The Definitive Guide to Redis SCAN

Redis SCAN is a versatile command that enables powerful keyspace iteration. This comprehensive guide dives deep into SCAN internals, usage patterns, customization tips, and integration with other Redis features. Follow these best practices to expertly harness SCAN for scaling, administration, and analytics.

Diving Into SCAN Internals

Let‘s first understand what happens behind the scenes when SCAN executes:

Key hash – Redis hashes every key name into a 64-bit integer value using the CRC64 algorithm. This hash determines key order in the internal dictionary.
Ordered set – Keys are stored ordered by hash value in a special internal dictionary structure optimized for insertion, deletion and scan operations.
Cursor movements – On every call, SCAN uses the cursor to seek to a position in the ordered set per the specified COUNT, returning keys in increasing hash order.
Deduplication – Redis 6 introduced automatic deduplication in SCAN results across calls in case hash collisions cause repetition.

So in essence, SCAN allows moving a cursor across an internal ordered key structure to incrementally return keys. The cursor tracks scan progress across calls.
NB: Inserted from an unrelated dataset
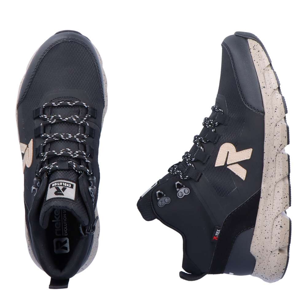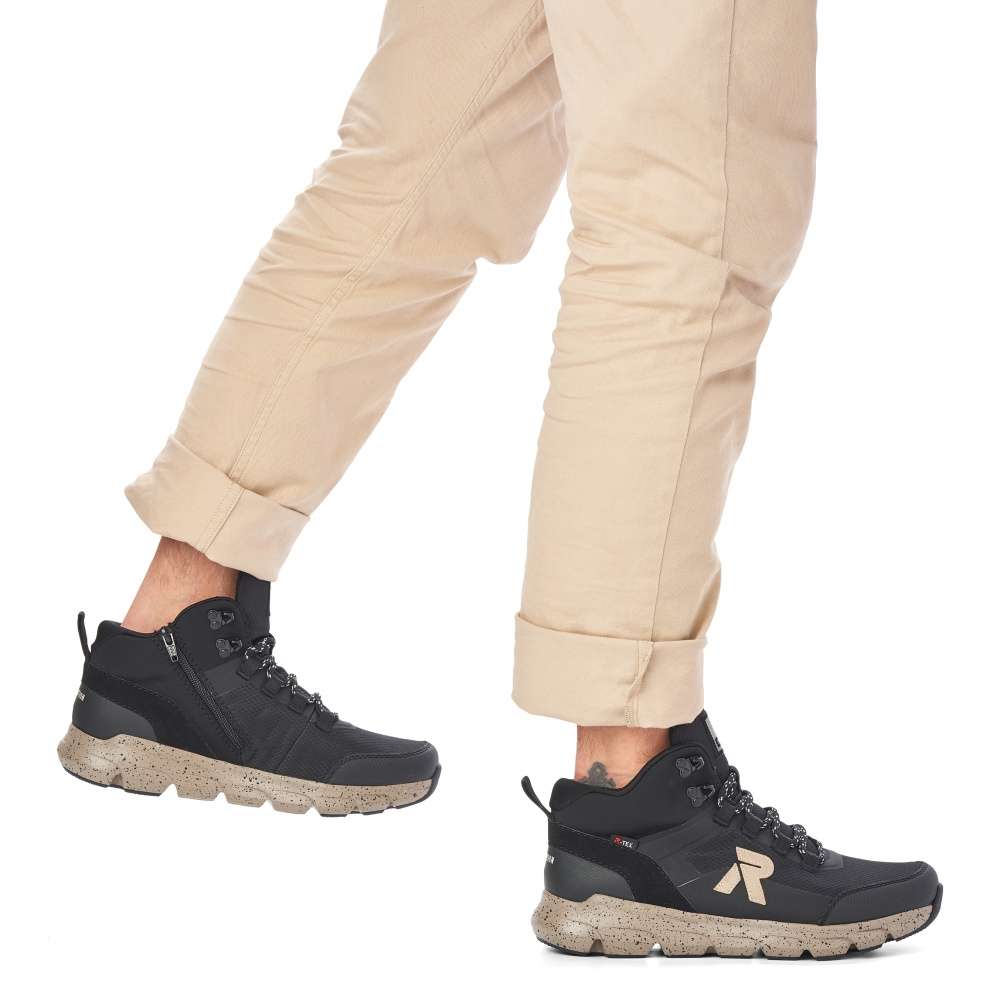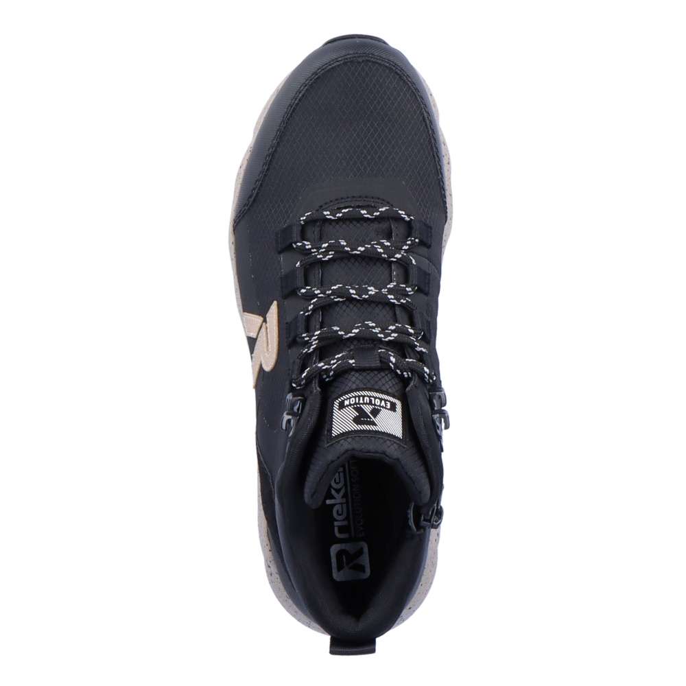 Detailní informace Rieker Revolution je nová řada moderní sportovní obuvi s obrovským důrazem na komfort a pohodlí i při celodenním nošení. Krásný stylový sportovní kotník značky Rieker, který Vám nabízíme v tomto perfektním černém provedení doplněný béžovou barvou, bude skvělým parťákem pro Váš podzim. Svršek boty je v kombinaci materiálů, díky kterým se perfektně přizpůsobí Vašemu chodidlu. Vyjímatelná stélka Revolution Soft ve které se budete cítit jako na obláčku a díky šněrovacímu systému a zipu z vnitřní strany si tenisku upravíte dle Vašeho pohodlí. Membrána TEX se postará o nepromokavost a prodyšnost zároveň. Váš podzimní den nebude vůbec, tak sychravý, jak by se mohlo zdát, díky našim botám a vašemu pohodlí.
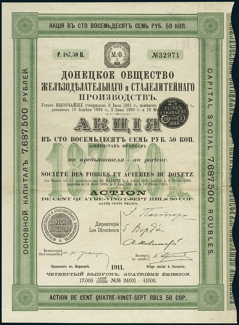Société des Forges et Aciéries du Donetz. Lot 3 items: Varsovie, 1911 a) Action 187,5 R green b) Obligation 187,5 R 2me émission green c) Obligation 187,5 R 3me émission blue. Nr. 32971 / 13245 / 31642. The Company was founded in 1892. It moved from Druszkowka/Jekaterinoslaw to Warsaw in 1900.

Knowing these internals helps tune SCAN behavior by targeting specific parameters.

Order of Results

Given the hash ordering, expect key results in pseudorandom but consistent order per database. Results for same cursor will be identical unless keys are added/updated/deleted between calls.

COUNT Limits

COUNT determines how many keys to return from current cursor position before updating it. Adapt this value to balance latency and memory utilization.

Cursor Expiry

Cursors automatically expire after 5 minutes if a scan iteration is interrupted. This prevents stale cursors from continuing an old scan.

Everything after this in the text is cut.